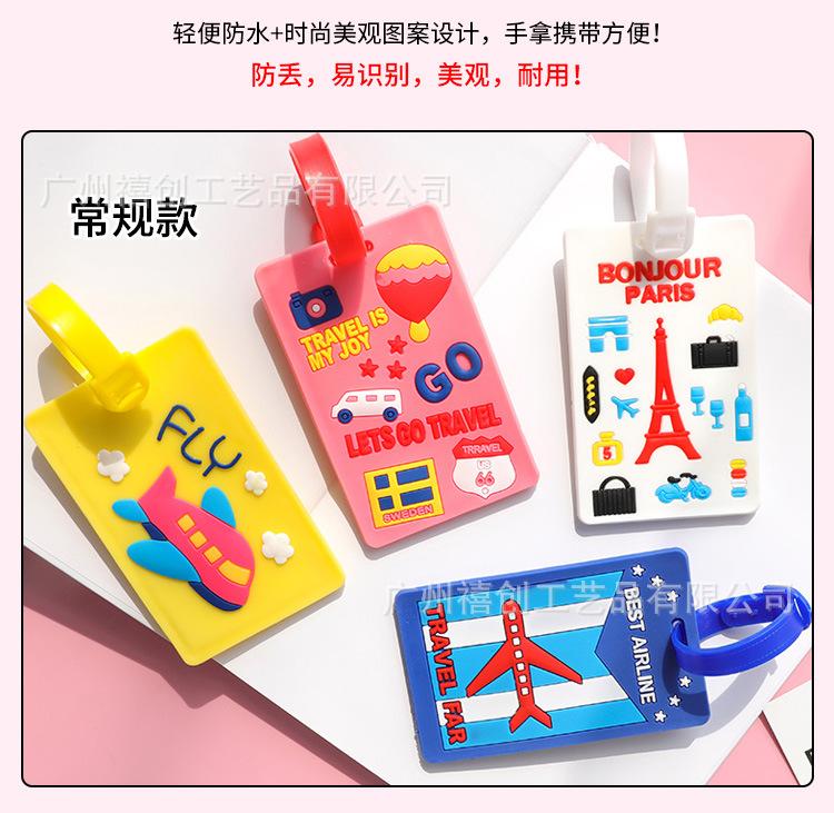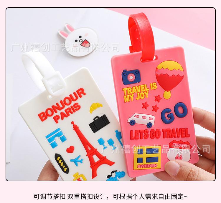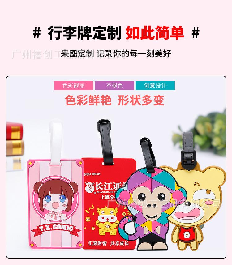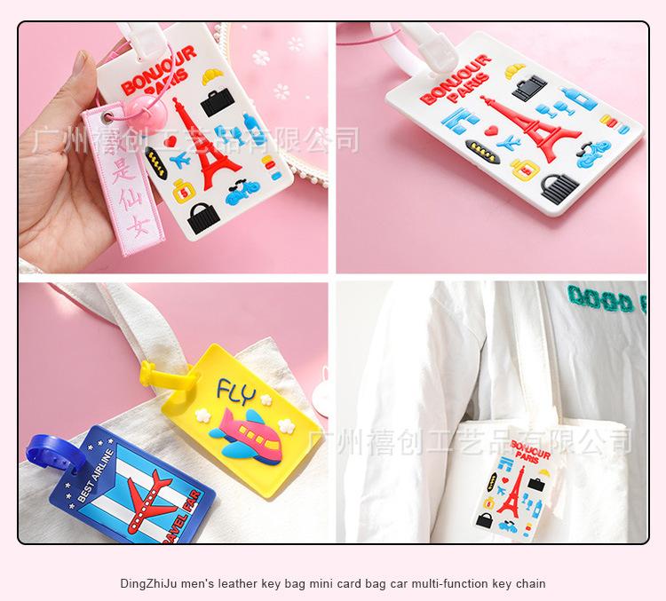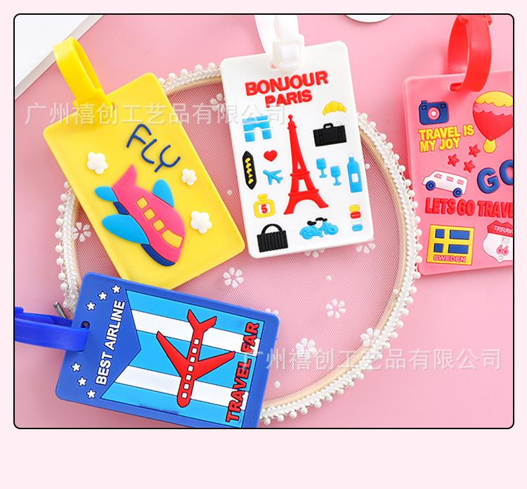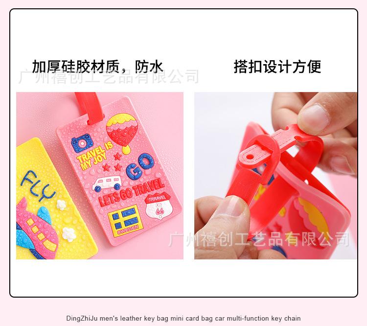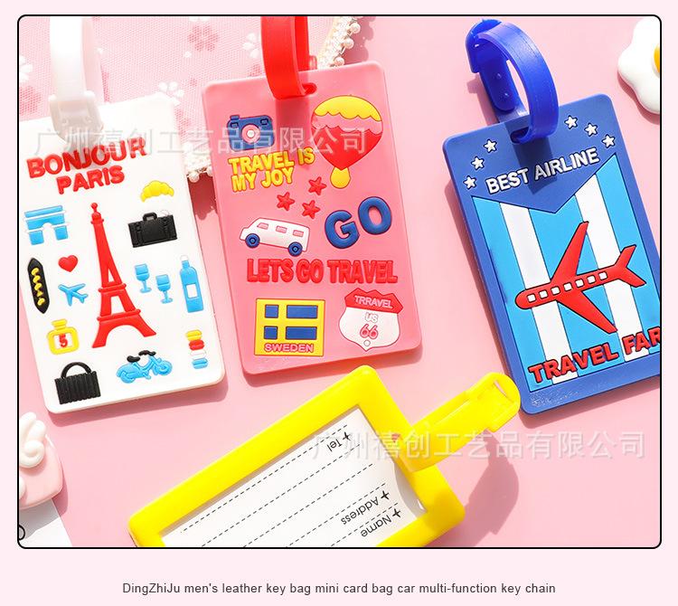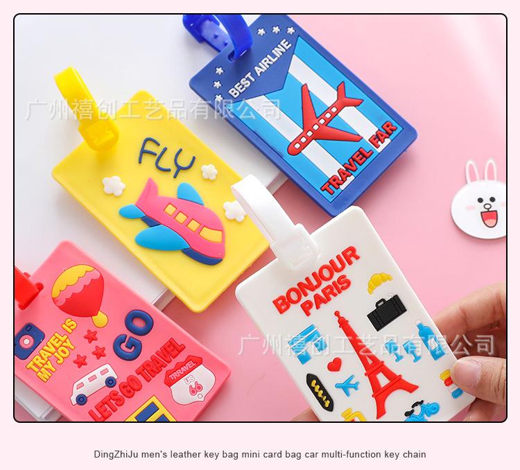 Etiqueta de equipaje de PVC personalizada, etiqueta de goma epoxi, logotipo personalizado, tarjetero de silicona, dibujos animados creativos, tarjeta de embarque de goma suave.
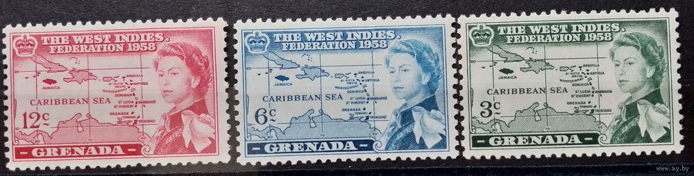 Великобритания\126в\ Гренада, 1958, Елизавета II, образование Федерации Вест-Индии. Карта
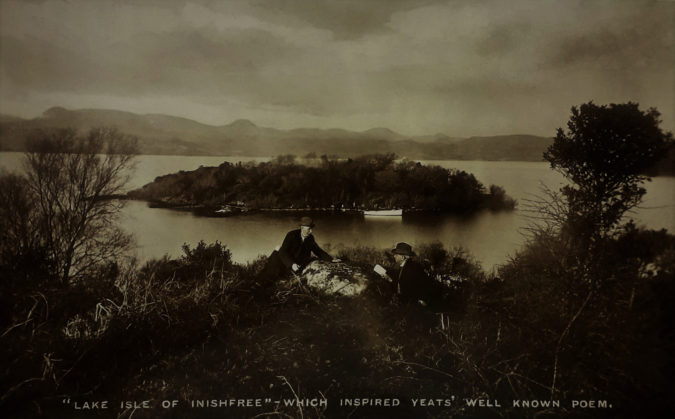 A postcard print of the Isle of Innisfree on Lough Gill in County Sligo. An annotation on the image side of the card reads '"Lake Isle of Innisfree" - which inspired Yeats' well known poem'.
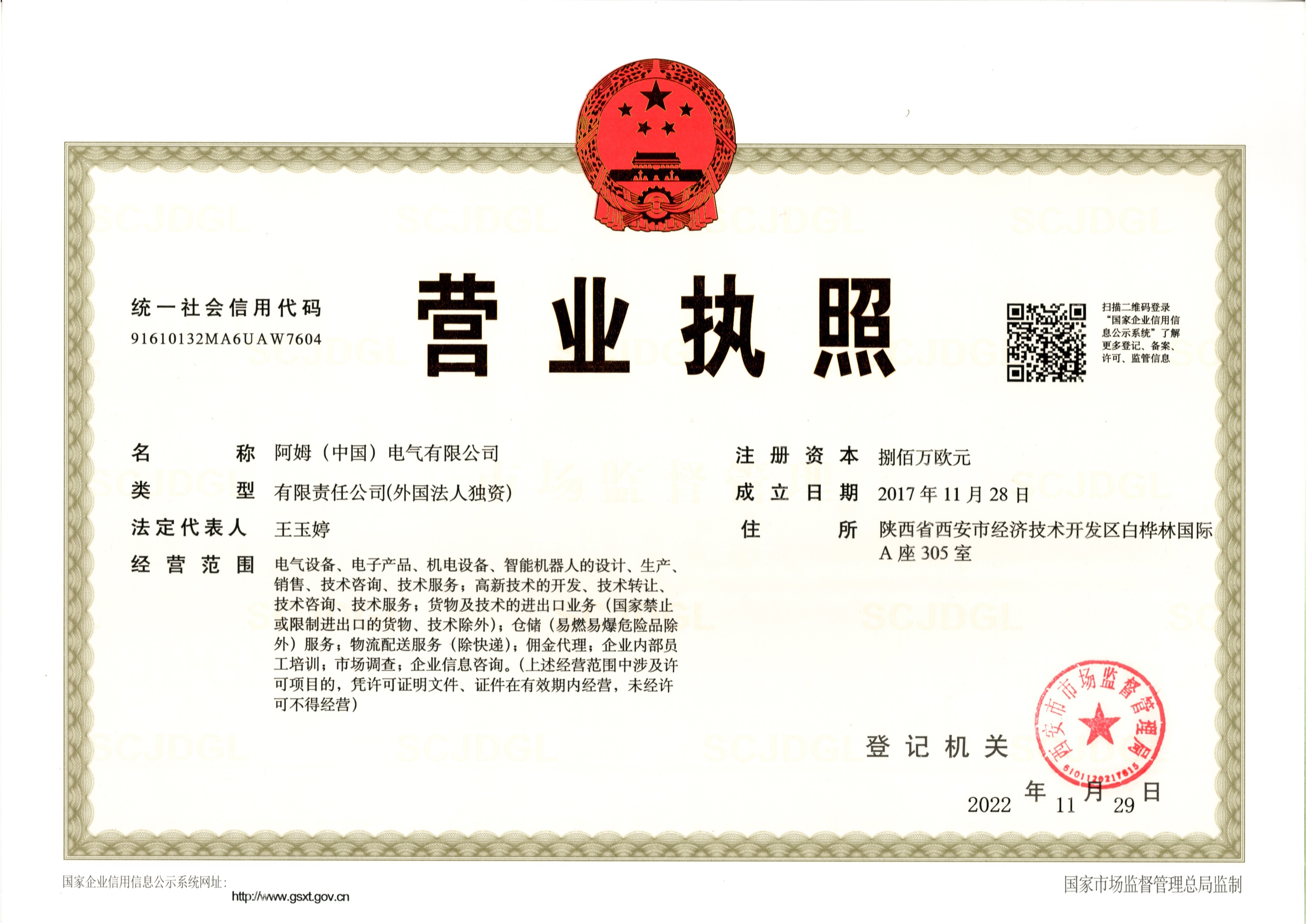 阿姆(中国)电气有限公司是德国阿姆在中国设立的全资子公司,位于陕西自由贸易区西安经济技术开发区。公司坚持“在中国,为中国”的发展战略,重视人才培养并积极为员工创造良好的发展空间。推动技术研发的本土化,通过持续投入和优化研发布局,不断提高本土研发与创新能力。
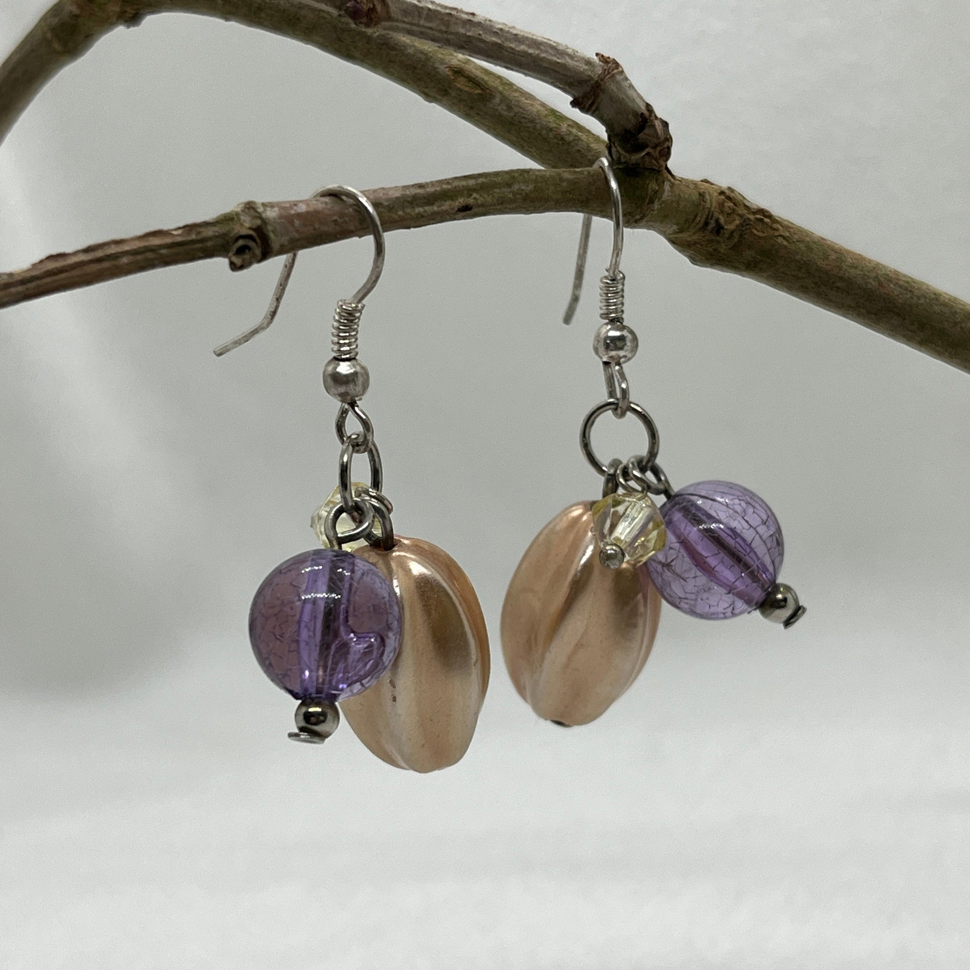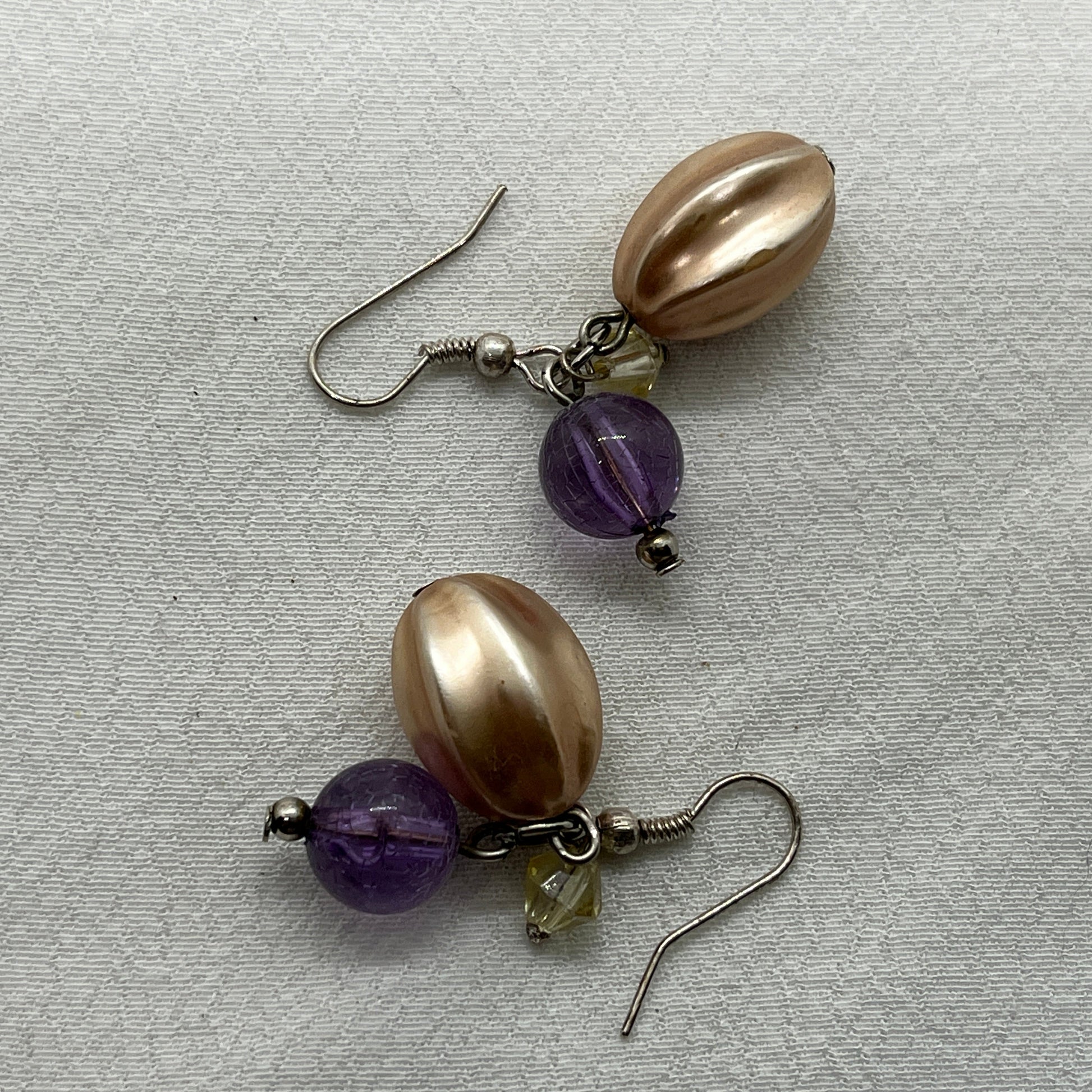 Fin sølvørering med 3 vedhæng bestående af: en stor spiralsnoet rosa akryl perle, en lysegul cone i glas, og en smuk lyselilla glasperle med fine krakeleringer.
* * *
ASSIGNMENT: Although the records contain pictures, return only their text, exactly as written.

SOLUTION TO THE EXERCISE:
 Etiqueta de equipaje de PVC personalizada, etiqueta de goma epoxi, logotipo personalizado, tarjetero de silicona, dibujos animados creativos, tarjeta de embarque de goma suave.
 Великобритания\126в\ Гренада, 1958, Елизавета II, образование Федерации Вест-Индии. Карта
 A postcard print of the Isle of Innisfree on Lough Gill in County Sligo. An annotation on the image side of the card reads '"Lake Isle of Innisfree" - which inspired Yeats' well known poem'.
 阿姆(中国)电气有限公司是德国阿姆在中国设立的全资子公司,位于陕西自由贸易区西安经济技术开发区。公司坚持“在中国,为中国”的发展战略,重视人才培养并积极为员工创造良好的发展空间。推动技术研发的本土化,通过持续投入和优化研发布局,不断提高本土研发与创新能力。
 Fin sølvørering med 3 vedhæng bestående af: en stor spiralsnoet rosa akryl perle, en lysegul cone i glas, og en smuk lyselilla glasperle med fine krakeleringer.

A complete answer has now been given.